(23c) Opencrystaldata: An Open-Access Crystal Image Database for Enabling the Image-Based Analysis of Crystallization Systems | AIChE

(23c) Opencrystaldata: An Open-Access Crystal Image Database for Enabling the Image-Based Analysis of Crystallization Systems


Salami, H., Georgia Institute of Technology
Boyle, C., CMAC/Univeristy of Strathclyde
Bommarius, A., Georgia Institute of Technology
Nagy, Z., Purdue
Cardona, J., University of Strathclyde
Rousseau, R., Georgia Institute of Technology
Grover, M., Georgia Tech
Imaging-based process analytical technologies (PAT) have become critical tools for rapid crystallization process development and design owing to their ability to provide a wide range of insights, including tracking different crystallization mechanisms, real-time process monitoring, and in-situ particle size and shape characterization. As a result, attention towards developing and implementing various image analysis methods, including machine learning/artificial intelligence (ML/AI)-based approaches, to extract qualitative and quantitative information from image data has increased. However, a major roadblock against developing and evaluating novel image analysis models for crystallization processes is the lack of diverse, high-quality, and publicly available particle image datasets.
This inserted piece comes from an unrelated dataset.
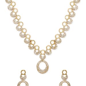 Illuminate your style with our resplendent gold-plated AD necklace set. Crafted with precision and adorned with sparkling stones, this set embodies timeless elegance and sophistication. Elevate any occasion with this exquisite jewelry, a dazzling addition to your collection. Material & Care Dimension : Necklace : 14 cm Earrings : 1.5 cm Material: Brass Net Weight: 24.65 Gram Net Quantity: 1 Necklace & 1 Pair of Earrings Care Label: It is advisable to avoid contact with water and organic chemicals i.e. perfume sprays. Store jewellery in airtight box. After use, wipe the jewellery with soft cotton cloth.
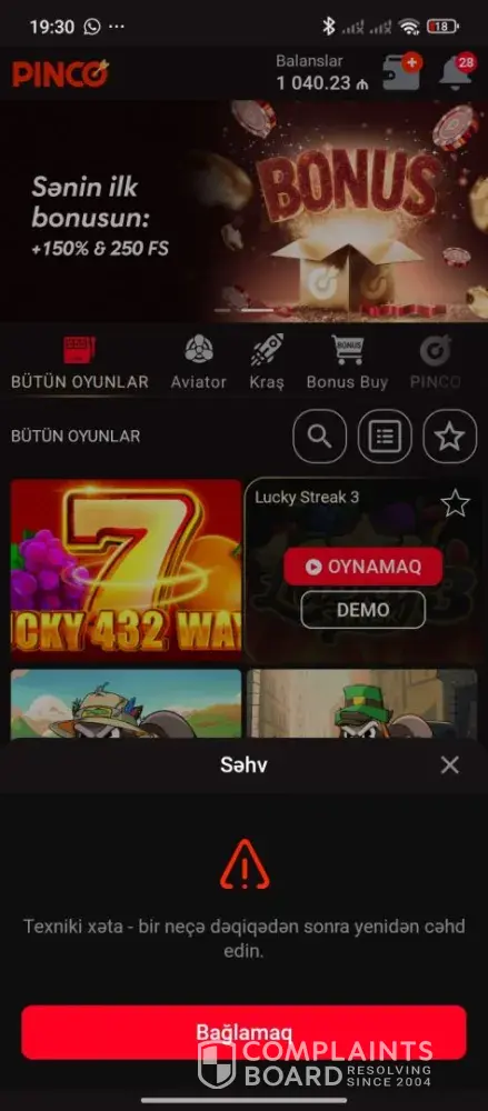 I am writing to formally complain about Pinco Casino regarding my account (ID: [protected]). I have legitimately won 1040 units through sports betting and slot games. However, the casino has confiscated my entire balance, citing a "technical error" without providing any proof or detailed explanation. I have full video recordings of my gameplay and the winning...

In this work, we present OpenCrystalData, an initiative to create an open-access database containing annotated image datasets from different crystallization systems with different particle sizes and shapes captured under various crystallization conditions. In the current version, the database consists of three different image datasets, addressing various applications in the crystallization process, including estimation of particle size distribution using in-situ images for different categories of particles and detection of anomalous particles for process monitoring purposes. These applications cover different image analysis tasks, including object detection, object classification, and instance segmentation. These applications enable the development and testing of new algorithms, comparing different image analysis approaches, and validating existing models. The images are collected using in-situ particle video microscopy followed by case-specific processing steps, such as ground-truth labeling and particle size characterization using offline microscopy.

The open-access database will be released on the user-friendly online collaborative platform Kaggle, along with problem-specific guidelines for each dataset. We hope for OpenCrystalData to facilitate and inspire new developments in the area of imaging-based PAT for crystallization processes.